Date of Award

December 2020

Degree Type

Dissertation

Degree Name

Doctor of Philosophy (PhD)

Department

Cultural Foundations of Education

Advisor(s)

Emily Robertson

Second Advisor

Elisabeth Lasch-Quinn

Keywords

Autopoiesis, Education, Embodied mind, Mindfulness, Neuropragmatism, Process philosophy

Subject Categories

Education

Abstract

Mindfulness-based interventions are becoming an increasingly popular means for helpingstudents deal with the multidimensional challenges they face in contemporary educational settings. While potentially helpful, an uncritical employment of mindfulness in education can paradoxically function to reify the very neoliberal social conditions leading to the need for mindfulness in the first place. I assess this trend in educational theory and practice through John Dewey’s pragmatic philosophy. I show that the potential for both mindfulness and Dewey’s theory of mind and inquiry to support critical, sustainable social change is truncated by an uncritical retaining of the modern paradigm of mind that defines mind and cognition as private mental events internal to individual subjects. Following Dewey, I critique this view of mind as dubious according to the ontological assumptions underlying this paradigm. By presenting an original reading of Dewey’s theory of mind, life, and inquiry based on an autopoietic process ontology and the life-mind continuity thesis, I show that the sciences of mind are currently in the midst of a revolutionary period of science, shifting from a paradigm rooted in the substance metaphysical tradition to a new, transdisciplinary paradigm animated by process metaphysics and radically different theories of mind, life, and cognition, heuristically captured by the life- mind continuity thesis.

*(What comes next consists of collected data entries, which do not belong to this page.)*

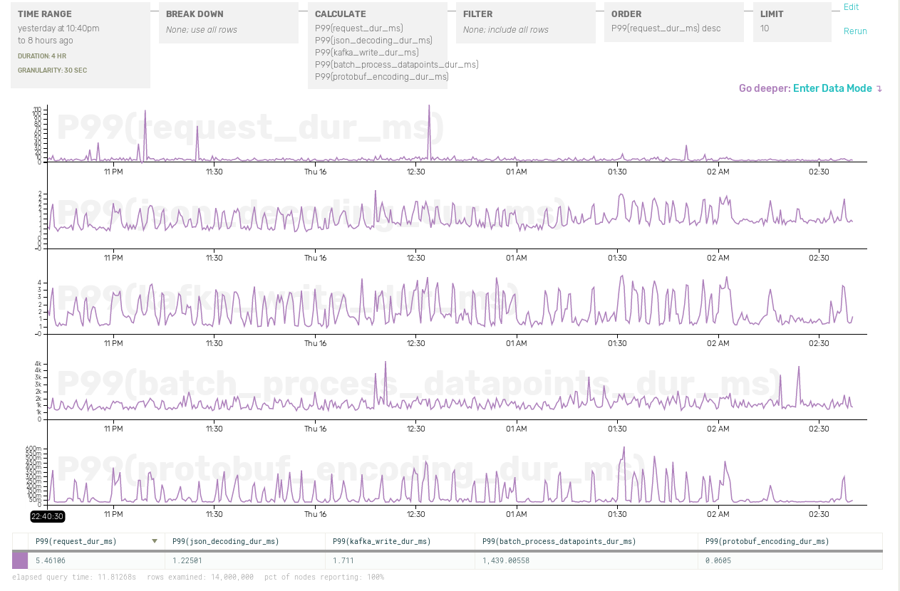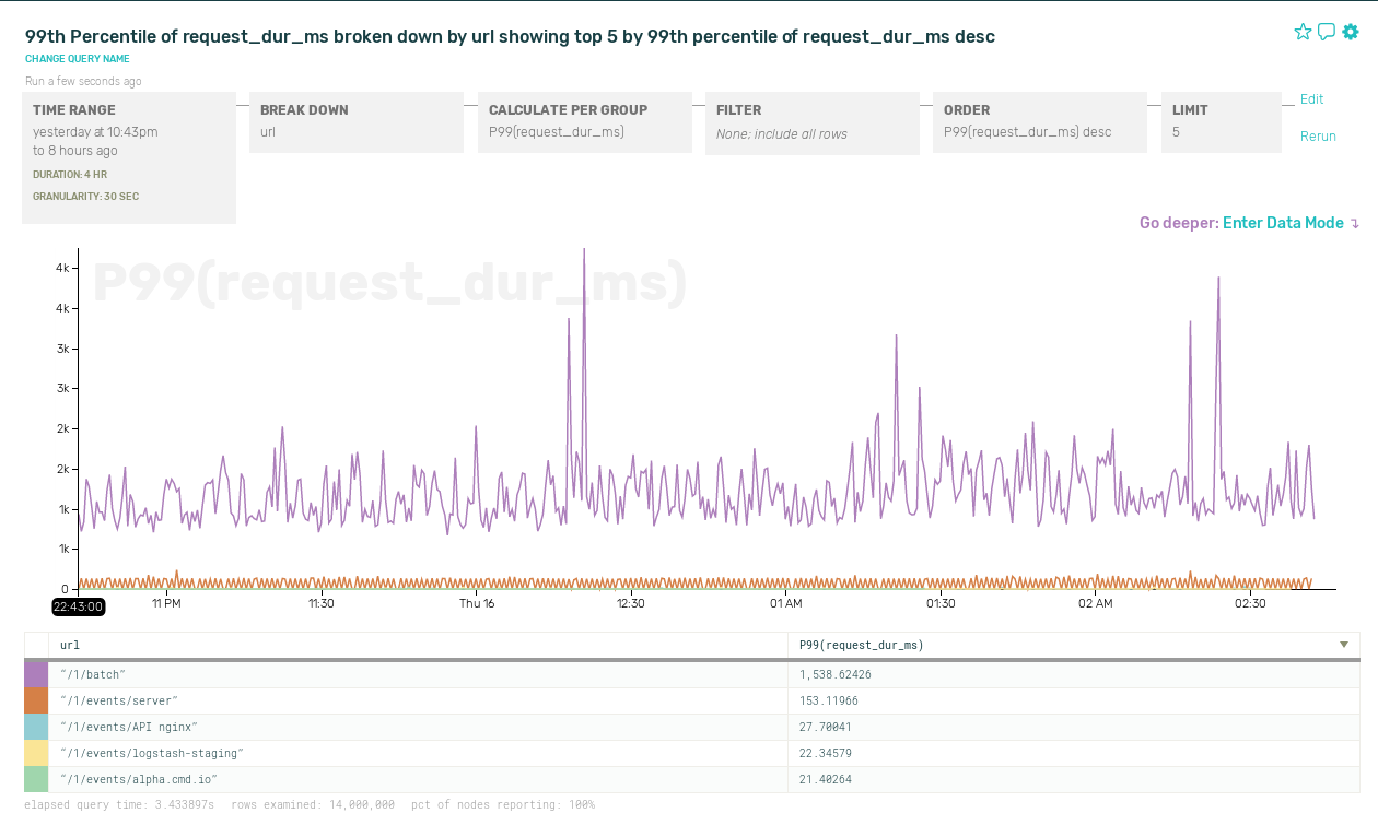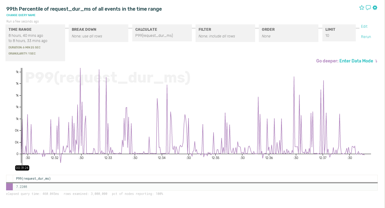 By choosing the sample rate based on an aspect of the data that we care about, we’re able to gain more flexible control over both the total volume of data we send to our analytics system and the resolution we get looking into interesting times in our service history.
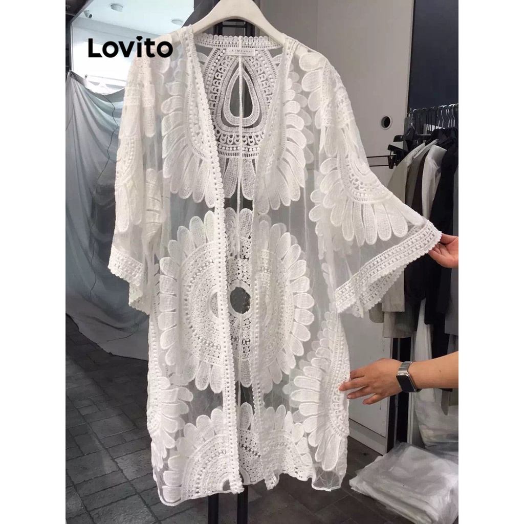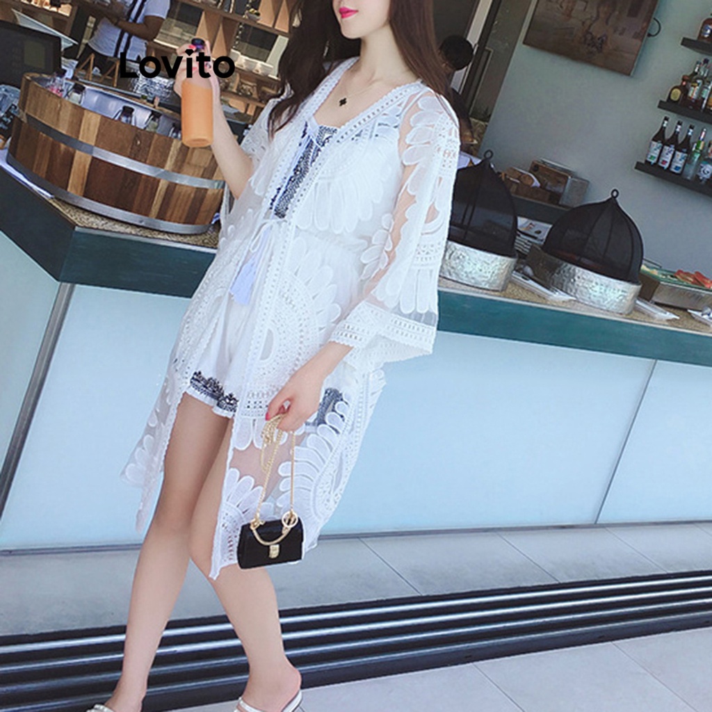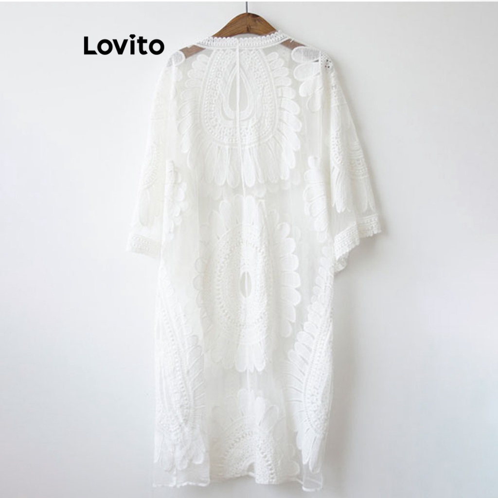 Lovito Casual Plain Lace Kimono for Women LNE30232 (White)
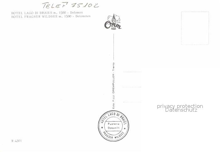 Pragser Wildsee Hotel Pragser Wildsee postalisch nicht gelaufen Erhaltung siehe scans [LiesaD40]
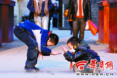 昨日下午4时许,西安钟楼附近的金花广场上,两个西一路小学三年级的学生放学后趴在地上玩起了拍画片。
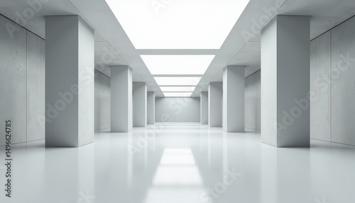 Modern White Space Symmetrical Columns Lining a Bright Reflective Corridor an Empty Architectural Composition
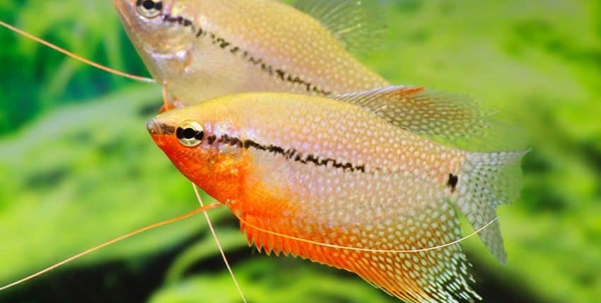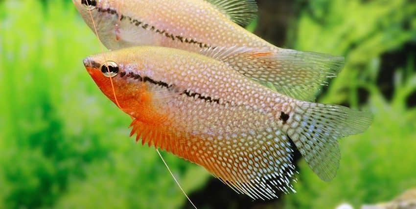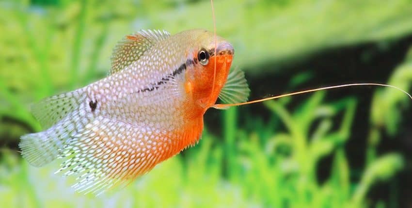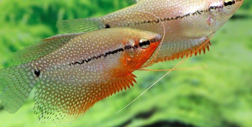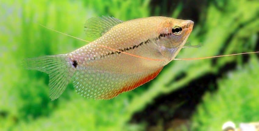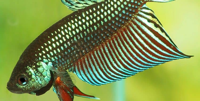 Der Mosaikfadenfisch (Trichogaster leerii) ist ein absoluter Klassiker unter den Aquarienfischen. Er ist immer und zu moderaten Preisen im Zoofachhandel vertreten. Dabei handelt es sich um Nachzuchtexemplare. Wildfänge werden de facto nicht gehandelt; in der Natur gilt die Art aufgrund der großflächigen Zerstörung ihres Lebensraumes als gefährdet. Leider leidet die Qualität der Tiere gelegentlich unter dem niedrigen Preis, die der Züchter für die Tiere erzielen kann; Die Fotos zeigen ganz wundervolle, voll ausgefärbte Exemplare aus heimischer Nachzucht.
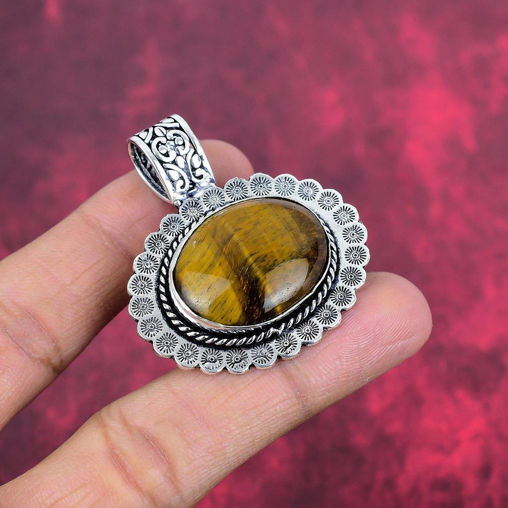 Pingente de prata esterlina sólida 925 olho de tigre, pingente de pedra preciosa feito à mão, presente para a mãe, joias antigas
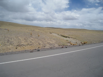After hour or so I stopped waiting for him in middle of nowhere near a shanty trucker stop store with one lady and child living there and what looked an old government semi-abandoned animal reserve ,1 person still caretaking (there are thousands of llama’s, alpaca and these small gazelle/deer like animals up here..1000’s everywhere.. so much free range wildlife and dodging them on the bike because the deerlikes blend into the yellow landscape)
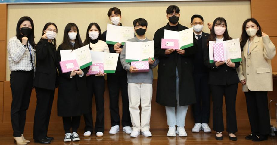 [논산=뉴시스]유순상 기자 = 건양대는 취창업지원센터가 교내에서 ‘셀프뷰 면접 경진대회 시상식’을 개최했다고 2일 밝혔다. AI(인공지능) 기반 화상면접 시스템을 이용, 비대면 면접과 취업 역량을 강화하기 위해 대회를 열고 있다. 지난 대회 수상자 중 졸업자 전원이 취업에 성공하는 성과를 낸 바 있다. 올해는 60여명이 참가했고 최우수상 1명과 우수상 1명, 장려상 3명, 참가상 5명 등 10명에게 상을 전달했다.
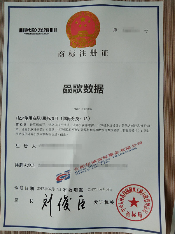 最新下达的商标注册证
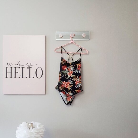 NWOT never worn Body Glove black and multicoloured floral tank one piece swimsuit with ring detail
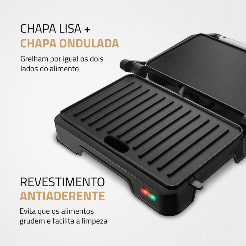 CHAPAS AJUSTÁVEIS: Garante mais facilidade no preparo de alimentos com espessuras variadas.

On this view, life and mind are of a piece; where there is life there is mind. Showing that Dewey developed one of the first and most complete theories of this thesis, I integrate Dewey’s theories of mind and inquiry with the contemporary mindfulness movement and discuss how they can work together to enable a critical, socially engaged yet compassionate and uniqueness-respecting framework for a somatic-based holistic social inquiry in education. I call this mindful inquiry.